Title: | Brain Cell Type Specific Gene Expression Analysis |
---|---|
Description: | Analysis of relative cell type proportions in bulk gene expression data. Provides a well-validated set of brain cell type-specific marker genes derived from multiple types of experiments, as described in McKenzie (2018) <doi:10.1038/s41598-018-27293-5>. For brain tissue data sets, there are marker genes available for astrocytes, endothelial cells, microglia, neurons, oligodendrocytes, and oligodendrocyte precursor cells, derived from each of human, mice, and combination human/mouse data sets. However, if you have access to your own marker genes, the functions can be applied to bulk gene expression data from any tissue. Also implements multiple options for relative cell type proportion estimation using these marker genes, adapting and expanding on approaches from the 'CellCODE' R package described in Chikina (2015) <doi:10.1093/bioinformatics/btv015>. The number of cell type marker genes used in a given analysis can be increased or decreased based on your preferences and the data set. Finally, provides functions to use the estimates to adjust for variability in the relative proportion of cell types across samples prior to downstream analyses. |
Authors: | Andrew McKenzie [aut, cre], Minghui Wang [aut], Bin Zhang [aut] |
Maintainer: | Andrew McKenzie <[email protected]> |
License: | MIT + file LICENSE |
Version: | 1.0.4 |
Built: | 2025-03-01 05:52:38 UTC |
Source: | https://github.com/andymckenzie/bretigea |
Filtered data set to only contain brain marker genes as well as ~100 other genes. The total data set can be downloaded by following the links in the original paper.
aba_marker_expression
aba_marker_expression
An object of class data.frame
with 395 rows and 377 columns.
© 2016 Allen Institute for Cell Science. Aging, Dementia and TBI. Available from: http://aging.brain-map.org/
A subset of phenotype data to be used for correlations with the expression data in the tests and vignette, to validate that the estimated cell type proportions correspond to useful quantities.
aba_pheno_data
aba_pheno_data
An object of class data.frame
with 377 rows and 4 columns.
© 2016 Allen Institute for Cell Science. Aging, Dementia and TBI. Available from: http://aging.brain-map.org/
This function uses a linear model to adjust each row of gene expression for cell types. Other covariates can be included as well.

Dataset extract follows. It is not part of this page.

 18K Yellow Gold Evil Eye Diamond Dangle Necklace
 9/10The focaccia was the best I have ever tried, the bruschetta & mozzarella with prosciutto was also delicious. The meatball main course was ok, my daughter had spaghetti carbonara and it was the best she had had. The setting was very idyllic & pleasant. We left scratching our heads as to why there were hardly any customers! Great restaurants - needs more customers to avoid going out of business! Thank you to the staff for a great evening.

adjustBrainCells( inputMat, nMarker = 50, species = "combined", celltypes = c("ast", "end", "mic", "neu", "oli", "opc"), addMeans = FALSE, formula = NULL, verbose = FALSE )
adjustBrainCells( inputMat, nMarker = 50, species = "combined", celltypes = c("ast", "end", "mic", "neu", "oli", "opc"), addMeans = FALSE, formula = NULL, verbose = FALSE )
inputMat |
Input gene expression data, with rows as features (e.g. genes) and samples as columns. |
nMarker |
The number of marker genes (that are present in your expression data set) to use in estimating the surrogate cell type proportion variable for each cell type. |
species |
By default, this function uses markers from combined human and mouse measurements, which are the most robust and reliable, as the gene expression patterns are very conserved between these two species. Other options are "human" and "mouse" for data specific to those species. Note that OPCs only have 500 gene symbols in this case, and are taken from only the Darmanis et al or Tasic et al data sets, respectively. |
celltypes |
Character vector of which cell types to estimate and adjust for. |
addMeans |
Whether the mean should be added to the residuals in the resulting adjusted gene expression table. |
formula |
If you want to add additional covariates to be adjusted for, then you can supply them by adding an (optional) formula function here. The format should be "expression_data ~ $cov1 + factor($cov2) +", where $cov1 is a numeric covariate present in the current environment, and $cov2 is a factor variable also defined in the current environment. |
verbose |
Whether to report the formula used for adjustment of each row. |
A list containing both a matrix of estimate surrogate proportion variables (SPVs), as well as a matrix of adjusted gene expression values.
brain_cells_adjusted = adjustBrainCells(aba_marker_expression, nMarker = 50, species = "combined") expression_data_adj = brain_cells_adjusted$expression cor_mic_unadj = cor.test(as.numeric(aba_marker_expression["AIF1", ]), as.numeric(aba_pheno_data$ihc_iba1_ffpe), method = "spearman") cor_mic_adj = cor.test(expression_data_adj["AIF1", ], as.numeric(aba_pheno_data$ihc_iba1_ffpe), method = "spearman")
brain_cells_adjusted = adjustBrainCells(aba_marker_expression, nMarker = 50, species = "combined") expression_data_adj = brain_cells_adjusted$expression cor_mic_unadj = cor.test(as.numeric(aba_marker_expression["AIF1", ]), as.numeric(aba_pheno_data$ihc_iba1_ffpe), method = "spearman") cor_mic_adj = cor.test(expression_data_adj["AIF1", ], as.numeric(aba_pheno_data$ihc_iba1_ffpe), method = "spearman")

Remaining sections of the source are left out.